Dermot Turing is the nephew of Alan Turing (1912-1954), who is well known to have been one of Bletchley Park’s leading cryptanalysts as well as a founder of the computer science and of the science of artificial intelligence. Bletchley Park - the place where the British codebreaking organisation was located during World War 2 - has been largely saved and is now a thriving heritage site and education centre. Dermot Turing was asked in 2011 to become the honorary president of the Alan Turing Centenary Advisory Committee. In 2012 he became a trustee of Bletchley Park. He wrote an illustrated guide for Bletchley Park visitors on the operation of the Bombe, the machine which the codebreakers designed to help find the daily settings on the famous Enigma machine. Dermot Turing has also written a biography ‘Prof’: Alan Turing decoded, (The History Press, 2015) of his famous uncle, on whose life and work he gives frequent lectures.

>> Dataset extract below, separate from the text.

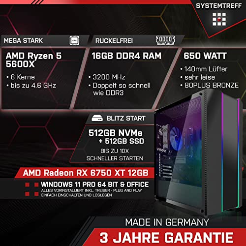 SYSTEMTREFF® High-End Gaming PC AMD Ryzen 5 5600X 6x4.6GHz | AMD Radeon RX 6750 XT | 512GB M.2 NVMe + 512GB SSD | 16GB DDR4 RAM | Windows 11 | Desktop Computer Rechner für Gamer, Zocker & Streamer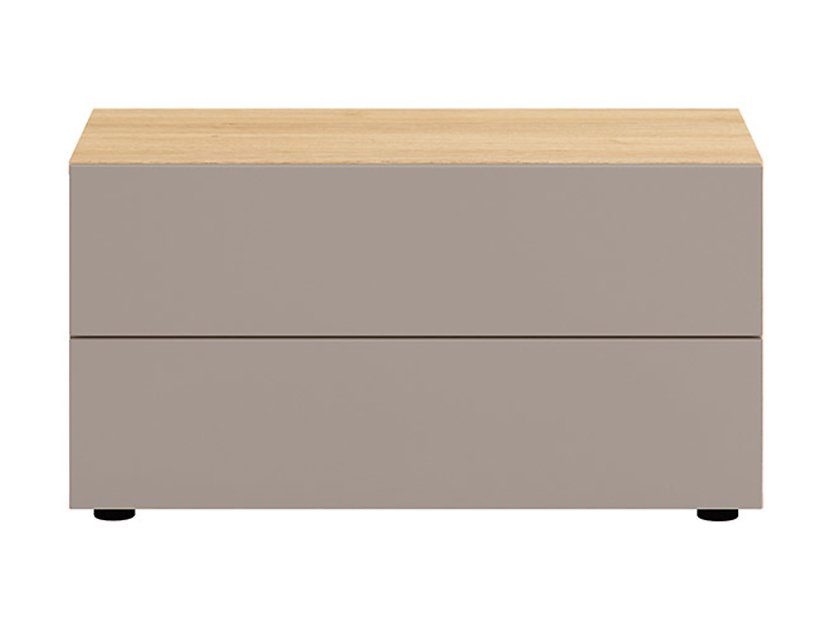Nätt mediabänk i ekimitation med grå fronter på de två lådorna.

Dermot Turing is now working on a new book about the Polish codebreakers who first tackled the Enigma problem, the remarkable story of their cooperation with the Allies before and during World War 2, and what became of them in the end.

Dermot Turing is also a trustee of the Turing Trust, a small educational charity with a focus on placing reuseable computers into schools in Ghana and other parts of Africa.